Tom Griffin (London, OK): The Wall Street Journal suggested last week that Barack Obama was the 'Anti-Thatcher'.

In the Independent today, Steve Richards offers deeper reasons why that title might be a realistic aspiration for today's politicians. The nationalisation of Northern Rock in Britain, and of Fannie Mae and Freddie Mac in the USA, have shown the limits of Thatcherite market fundamentalism, he argues:

Over the next few weeks, during the party conference season, you will read and hear a lot about who is up and who is down in British politics. When I come to think of it, you will read much on the theme in this column. But the long-term future belongs to the politician and party that come to terms with the ending of one global era and the beginning of another, one in which a new relationship will be required between governments and markets, subtler than the flawed models from either the 1970s or the 1980s.
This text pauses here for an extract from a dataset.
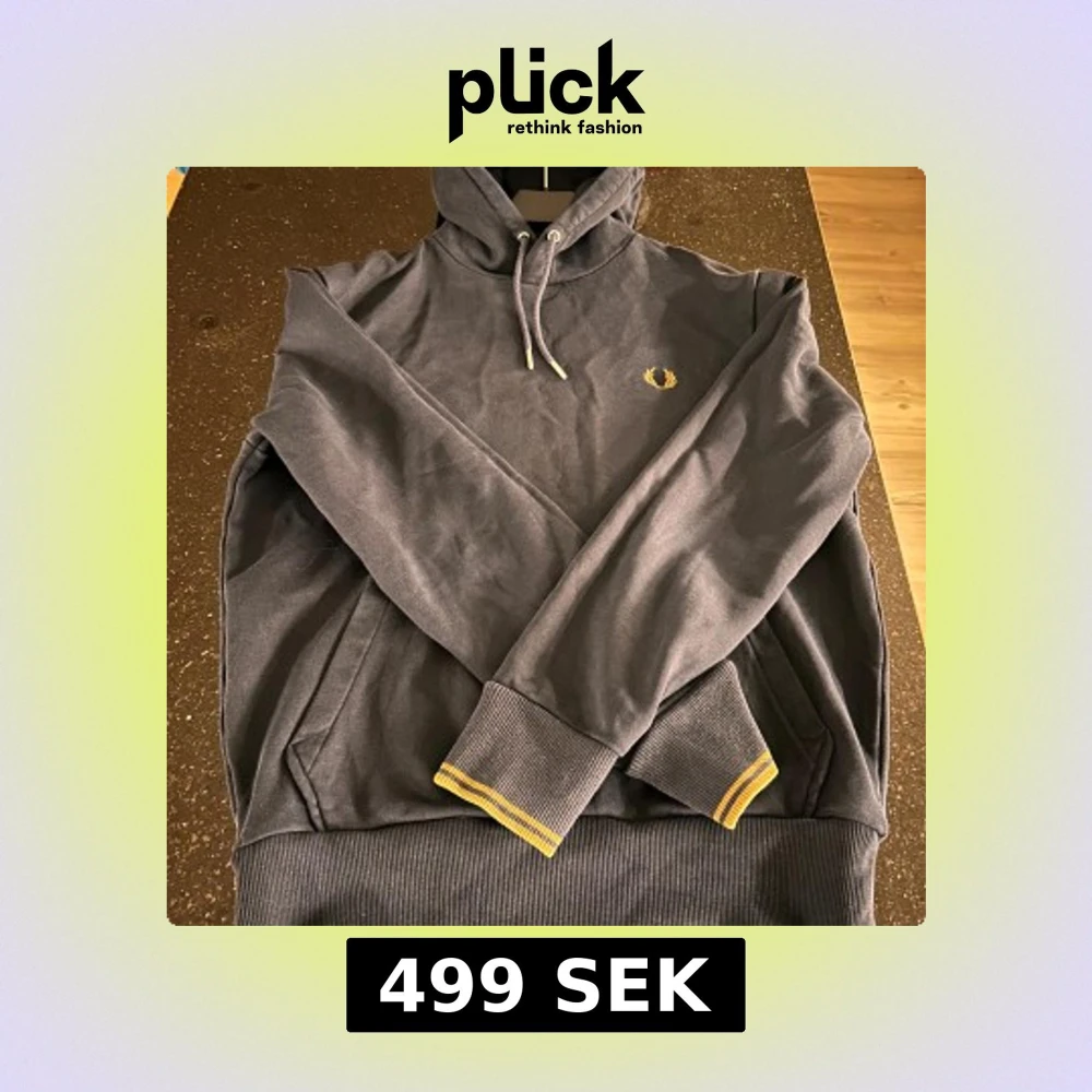 Mörkblå hoodie från Fred Perry med gul broderad logga på bröstet. Tröjan har huva med snörning, ribbade muddar med gul rand och känguruficka framtill. Tillverkad i mjuk bomull, perfekt för chill dagar. Klassisk och stilren design.

Richards' point is not a narrowly partisan one. If his 1970s-in-reverse analogy is correct it could be a future Conservative government which has to face up to this challenge, just as it was Jim Callaghan's Labour government which began the shift towards Thatcherism at the behest of the IMF.
This article is published by Tom Griffin, and openDemocracy.net under a Creative Commons licence. You may republish it with attribution for non-commercial purposes following the CC guidelines. For other queries about reuse, click here. Some articles on this site are published under different terms. No images on the site or in articles may be re-used without permission unless specifically licensed under Creative Commons.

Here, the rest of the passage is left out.